= Aim of the exercise =
Print exactly the lines that run from the opening line of the material through the line with "Sterling Silver Bracelet", and nothing else, leaving out pictures.

= Recorded data =
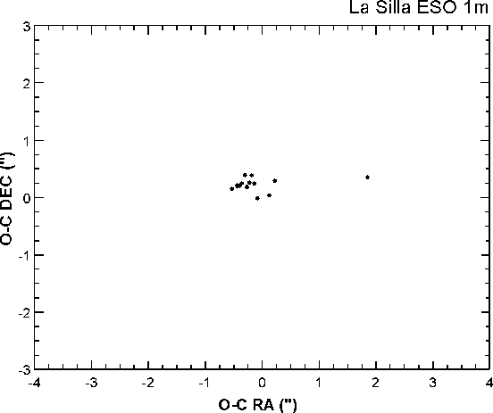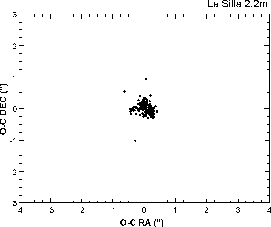 Figure A.7: La Silla 2.2 m: (o-c) residuals for 165 positions of 15 NEAs observed by EURONEAR in one run. |
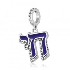 Sterling Silver Bracelet Charm, Textured - Blue Enamel Chai Letters$47.81 -
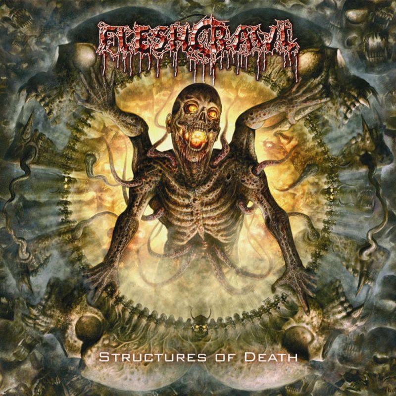 Musikalisch ist man seinen Wurzeln ziemlich treu geblieben und so liefert man auch mit „Structures Of Death“ einen sehr ähnlichen Sound ab. Orientieren tut man sich allerdings nunmehr an alten „Dismember“, was ja auch nicht das Schlechteste ist. So absolviert man heuer einmal wieder primär Tempomärsche an den Instrumenten, aber auch kongeniale Breaks und das gelegentliche Auftauchen einer Akustik-Klampfe lockern die häufig auftretenden Blast Beat Anfälle der Jungs auf. Schwedischer wie hier klangen deutsche Death Metal Bands selten. Summa Summarum liefern die fünf Mannen von „Fleshcrawl“ mal wieder eingängigen, stereotypen und technisch versierten Hartwurst Metal ab, der dazu noch in eine mörderische Breitwandproduktion eingebettet wurde. Qualitativ gibt es sicherlich nichts zu beanstanden, dennoch wiederholt man sich auf diesem Album zum x-ten Mal. Richtige Granaten im Stile der Songs von oben genanntem Album sind dazu leider noch fehl am Platze, unterdurchschnittliches Material gibt es hingegen bei diesem Prügelmachwerk auch nicht auszumachen. Für hauptberufliche Deather kann ich ohne größere Bedenken eine Kaufempfehlung aussprechen, Nebenbeiknüpplern gebe ich hingegen den Rat, zumindest mal reinzustöbern und evt. das eine oder andere Ohr zu riskieren, denn "Fleshcrawl" sind dennoch mit das Beste, was unser Land in diesem Genre zu bieten hat.
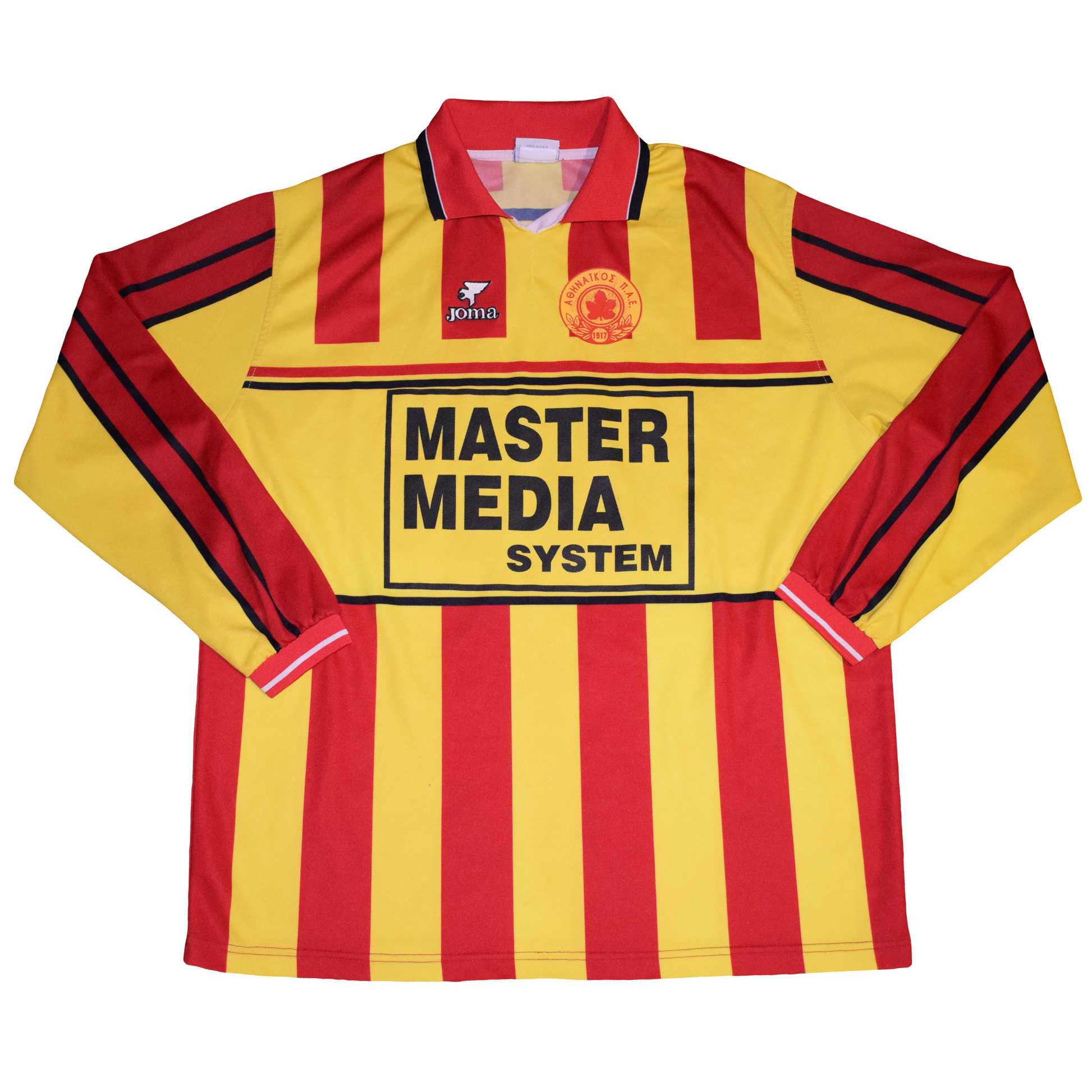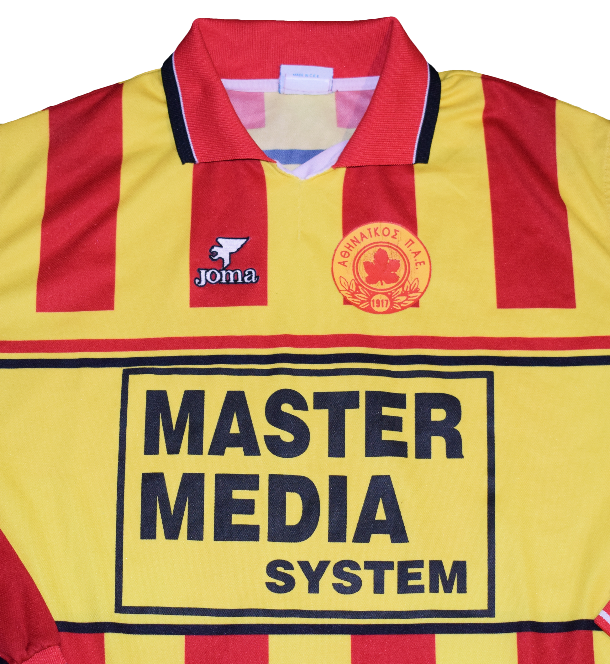 Ένα πραγματικά σπάνιο κομμάτι της ιστορίας του ελληνικού ποδοσφαίρου. Αυτή η εντός έδρας φανέλα του Αθηναϊκού για την περίοδο 2001/02 , με μακριά μανίκια και μέγεθος Large , φορεμένη και σε επίσημους αγώνες. Διαθέτει στάμπα Κοσιφολόγου, παίχτης της ομάδας . Κατασκευασμένη από την Joma , διατίθεται στα εντυπωσιακά κίτρινα και κόκκινα χρώματα του συλλόγου, άμεσα αναγνωρίσιμη και βαθιά ριζωμένη στην τοπική ποδοσφαιρική κουλτούρα.

= Reply to the exercise =
 Figure A.7: La Silla 2.2 m: (o-c) residuals for 165 positions of 15 NEAs observed by EURONEAR in one run. |
 Sterling Silver Bracelet Charm, Textured - Blue Enamel Chai Letters$47.81 -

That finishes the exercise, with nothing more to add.